From dry to damp: getting your pastures ready
New Zealand farmers know that pastoral fortunes can shift rapidly once summer’s extreme dryness gives way to cooler, wetter autumn conditions.
INTEGRATING CATTLE with pasture renewal is helping Dannevirke farmer Neil Murley boost both sheep and beef returns.
He's using winter crops for the cattle to achieve two main objectives: avoiding pugging winter pasture and progressively re-grassing the farm to grow better lambs.
Cattle are a 'farm tool', as they are on many farms, but they're making a good few dollars as well, he says.
Of his 6,400 stock units, 1,300 are cattle: steers, cows and heifers, but no bulls. "I don't like them," he told the field day.
He grows two winter crops – kale and oats, typically 10ha and 6ha respectively, with some swede seed mixed into the kale.
"I sow my kale at the end of November. I put fertiliser down with each seed through the drill and that gives it a good boost."
Oats are sown in March.
"I normally grow the oats so they grow over the top wire of the fence then graze my cows on that."
He's careful to test the forage for nitrates to avoid poisoning before introducing stock, which are then strip grazed.
The strip grazing is quite an art, says Murley, and it starts with doing, and getting right, pasture measurements.
"I work out how much crop and how many kilos of dry matter that will produce and take it from there."
Grazing is arranged so strips are narrow but long to ensure all animals get fed well and are not struggling to access crop. It also minimises waste, but accuracy in setting the break is crucial to avoid over or under feeding. Murley uses a special cutter on his quadbike to get clean, well measured breaks.
Another objective, which probably accounts for his comment about bulls, is to have 'quiet' cattle.
"My policy is not to 'dog' cattle; rather to try and get the cattle to be friendly and move freely. In my view not enough stock are used to human connections."
Cattle bought in as yearlings are "very toey" compared to his own stock, he notes.
"They are not quiet, are rigid, and they fight in the cattle bail, whereas mine are much quieter and they just stand there.
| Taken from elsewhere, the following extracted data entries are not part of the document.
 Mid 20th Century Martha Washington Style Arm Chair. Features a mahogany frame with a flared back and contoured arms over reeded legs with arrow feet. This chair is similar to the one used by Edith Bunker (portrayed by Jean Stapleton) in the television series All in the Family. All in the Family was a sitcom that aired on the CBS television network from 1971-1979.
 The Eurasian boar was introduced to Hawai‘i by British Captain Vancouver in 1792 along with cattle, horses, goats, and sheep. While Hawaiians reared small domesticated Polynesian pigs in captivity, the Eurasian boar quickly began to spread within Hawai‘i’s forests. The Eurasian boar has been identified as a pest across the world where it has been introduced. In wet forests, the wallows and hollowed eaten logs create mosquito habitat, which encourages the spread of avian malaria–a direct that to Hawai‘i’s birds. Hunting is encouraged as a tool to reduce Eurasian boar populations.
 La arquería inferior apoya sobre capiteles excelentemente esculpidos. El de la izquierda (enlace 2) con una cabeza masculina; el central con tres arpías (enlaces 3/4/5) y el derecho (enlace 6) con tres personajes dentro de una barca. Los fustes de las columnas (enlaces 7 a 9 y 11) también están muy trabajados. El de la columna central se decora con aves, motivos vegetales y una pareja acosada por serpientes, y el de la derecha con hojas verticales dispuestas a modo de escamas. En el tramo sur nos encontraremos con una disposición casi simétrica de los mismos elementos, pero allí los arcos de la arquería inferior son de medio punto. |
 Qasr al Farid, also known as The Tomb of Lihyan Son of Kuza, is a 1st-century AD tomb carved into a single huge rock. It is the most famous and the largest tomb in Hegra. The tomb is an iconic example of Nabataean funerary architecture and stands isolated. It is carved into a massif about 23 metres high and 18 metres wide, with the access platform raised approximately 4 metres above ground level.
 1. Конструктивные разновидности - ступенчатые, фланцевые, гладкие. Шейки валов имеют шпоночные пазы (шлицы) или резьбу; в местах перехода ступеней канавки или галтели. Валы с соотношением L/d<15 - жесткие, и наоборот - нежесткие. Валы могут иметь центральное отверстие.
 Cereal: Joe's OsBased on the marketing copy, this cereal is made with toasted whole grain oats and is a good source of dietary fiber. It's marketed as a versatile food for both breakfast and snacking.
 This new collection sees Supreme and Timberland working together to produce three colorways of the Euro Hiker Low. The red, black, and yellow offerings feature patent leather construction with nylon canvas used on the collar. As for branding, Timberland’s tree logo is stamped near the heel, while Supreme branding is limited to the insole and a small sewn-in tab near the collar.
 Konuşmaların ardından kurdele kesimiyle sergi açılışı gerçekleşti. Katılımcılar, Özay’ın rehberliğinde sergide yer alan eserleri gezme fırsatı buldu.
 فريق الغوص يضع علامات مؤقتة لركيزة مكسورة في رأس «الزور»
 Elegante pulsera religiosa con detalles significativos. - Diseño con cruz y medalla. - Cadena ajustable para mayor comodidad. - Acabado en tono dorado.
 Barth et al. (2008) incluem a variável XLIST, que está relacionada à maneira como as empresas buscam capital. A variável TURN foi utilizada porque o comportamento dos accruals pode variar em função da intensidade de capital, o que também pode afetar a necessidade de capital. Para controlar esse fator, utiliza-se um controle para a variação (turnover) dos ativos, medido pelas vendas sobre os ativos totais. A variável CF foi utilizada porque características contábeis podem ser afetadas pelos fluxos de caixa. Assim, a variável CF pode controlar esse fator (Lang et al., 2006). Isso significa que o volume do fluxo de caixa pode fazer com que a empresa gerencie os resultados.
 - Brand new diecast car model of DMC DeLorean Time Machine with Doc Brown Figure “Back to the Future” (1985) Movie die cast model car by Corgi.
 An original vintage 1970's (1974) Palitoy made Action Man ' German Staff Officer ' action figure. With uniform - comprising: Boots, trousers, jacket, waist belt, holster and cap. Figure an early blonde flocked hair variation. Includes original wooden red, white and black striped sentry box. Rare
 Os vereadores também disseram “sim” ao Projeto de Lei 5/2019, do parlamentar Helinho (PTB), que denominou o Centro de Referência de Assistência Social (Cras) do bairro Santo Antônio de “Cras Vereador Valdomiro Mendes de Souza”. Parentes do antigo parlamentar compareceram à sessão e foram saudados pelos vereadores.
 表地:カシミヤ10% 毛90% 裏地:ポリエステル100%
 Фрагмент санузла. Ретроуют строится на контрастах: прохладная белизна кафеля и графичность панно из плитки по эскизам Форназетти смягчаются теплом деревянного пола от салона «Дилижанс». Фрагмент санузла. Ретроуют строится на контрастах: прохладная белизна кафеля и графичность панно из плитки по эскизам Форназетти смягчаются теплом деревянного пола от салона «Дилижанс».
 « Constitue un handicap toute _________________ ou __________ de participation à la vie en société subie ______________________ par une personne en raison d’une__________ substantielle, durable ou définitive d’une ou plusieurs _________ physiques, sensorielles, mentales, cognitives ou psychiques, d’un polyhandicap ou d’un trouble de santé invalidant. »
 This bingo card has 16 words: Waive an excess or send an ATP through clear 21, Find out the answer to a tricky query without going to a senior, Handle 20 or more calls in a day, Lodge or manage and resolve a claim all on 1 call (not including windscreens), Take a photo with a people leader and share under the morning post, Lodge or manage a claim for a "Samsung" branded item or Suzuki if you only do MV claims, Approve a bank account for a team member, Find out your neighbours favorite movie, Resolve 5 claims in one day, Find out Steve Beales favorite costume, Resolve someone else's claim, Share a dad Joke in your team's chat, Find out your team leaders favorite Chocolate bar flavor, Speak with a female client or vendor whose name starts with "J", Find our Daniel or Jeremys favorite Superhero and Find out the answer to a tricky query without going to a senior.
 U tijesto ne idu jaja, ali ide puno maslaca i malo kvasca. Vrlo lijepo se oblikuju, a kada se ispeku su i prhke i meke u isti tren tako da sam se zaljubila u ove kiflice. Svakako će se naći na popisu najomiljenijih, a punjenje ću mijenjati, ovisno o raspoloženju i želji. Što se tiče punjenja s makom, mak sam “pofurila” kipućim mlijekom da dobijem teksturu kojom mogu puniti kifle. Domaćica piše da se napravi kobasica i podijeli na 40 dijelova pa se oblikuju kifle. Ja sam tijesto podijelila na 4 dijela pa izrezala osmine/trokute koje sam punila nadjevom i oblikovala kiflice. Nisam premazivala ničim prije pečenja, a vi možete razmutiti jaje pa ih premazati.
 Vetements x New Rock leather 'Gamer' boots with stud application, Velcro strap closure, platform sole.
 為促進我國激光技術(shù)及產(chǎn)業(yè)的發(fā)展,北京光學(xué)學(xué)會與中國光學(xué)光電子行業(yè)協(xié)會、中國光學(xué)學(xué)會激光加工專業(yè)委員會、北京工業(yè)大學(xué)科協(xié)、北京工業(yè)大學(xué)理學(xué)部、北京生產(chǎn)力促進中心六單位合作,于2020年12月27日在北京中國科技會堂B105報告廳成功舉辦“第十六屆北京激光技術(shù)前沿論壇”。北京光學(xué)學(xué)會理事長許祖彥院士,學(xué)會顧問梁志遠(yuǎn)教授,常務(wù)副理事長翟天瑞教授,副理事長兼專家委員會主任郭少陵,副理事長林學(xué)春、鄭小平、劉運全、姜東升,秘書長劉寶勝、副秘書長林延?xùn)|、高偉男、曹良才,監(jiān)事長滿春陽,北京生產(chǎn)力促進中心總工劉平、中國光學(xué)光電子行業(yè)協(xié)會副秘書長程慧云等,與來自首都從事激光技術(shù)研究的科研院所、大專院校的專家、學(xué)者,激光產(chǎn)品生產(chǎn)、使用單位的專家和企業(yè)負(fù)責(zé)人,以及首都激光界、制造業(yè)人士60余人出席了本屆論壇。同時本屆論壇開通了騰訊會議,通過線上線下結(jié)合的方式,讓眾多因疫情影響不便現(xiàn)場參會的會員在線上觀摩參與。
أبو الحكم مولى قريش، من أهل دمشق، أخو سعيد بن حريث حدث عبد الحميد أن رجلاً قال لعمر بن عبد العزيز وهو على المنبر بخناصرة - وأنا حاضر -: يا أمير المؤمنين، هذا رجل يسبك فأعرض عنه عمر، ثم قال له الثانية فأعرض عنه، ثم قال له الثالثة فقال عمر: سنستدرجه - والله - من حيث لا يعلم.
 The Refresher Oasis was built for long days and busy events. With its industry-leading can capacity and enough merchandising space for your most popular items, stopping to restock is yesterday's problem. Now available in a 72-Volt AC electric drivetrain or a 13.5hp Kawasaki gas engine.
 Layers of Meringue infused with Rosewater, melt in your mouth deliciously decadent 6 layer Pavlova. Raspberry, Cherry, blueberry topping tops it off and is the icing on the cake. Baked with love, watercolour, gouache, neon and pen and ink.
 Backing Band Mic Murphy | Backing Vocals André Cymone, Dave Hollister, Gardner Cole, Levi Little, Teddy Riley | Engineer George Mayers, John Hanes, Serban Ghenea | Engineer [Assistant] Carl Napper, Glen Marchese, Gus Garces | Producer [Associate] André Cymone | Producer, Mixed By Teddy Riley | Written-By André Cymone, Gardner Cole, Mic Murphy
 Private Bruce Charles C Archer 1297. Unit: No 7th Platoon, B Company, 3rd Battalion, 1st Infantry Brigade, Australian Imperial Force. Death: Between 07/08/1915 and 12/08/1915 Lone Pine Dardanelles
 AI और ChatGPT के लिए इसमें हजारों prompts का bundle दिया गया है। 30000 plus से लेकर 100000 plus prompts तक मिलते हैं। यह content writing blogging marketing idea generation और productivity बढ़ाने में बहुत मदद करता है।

I drench mine with the hook and they just stand there and open their mouths."
The cattle policy is designed primarily to improve grazing for ewes and lambs, though some pasture is set-aside from September for weaners.
"I am using cattle to make money and as a tool to develop my native grasses and develop better grasses to have a more efficient sheep policy with the aim of lamb finishing.
"I crop the paddocks twice, then it goes into chicory and clover and plantain, and then it's oversown with ryegrass."
Chicory and plantain have proved "very good" feed and he attributes his success with them to getting and acting on good professional advice.
Coming back to the no bulls policy, he says he finds cows are less fussy, and on rough steep country they're the best converters of kilos of dry matter to dollars you'll get.
"When you've got native grass, rank browntop and all that sort of stuff, the cow is the perfect animal to clean that up and get the fresh growth for the sheep to do well on. That's what cows are for. That's why cows are on the East Coast around Gisborne and not in the Manawatu and Hawkes Bay where they have good grass!"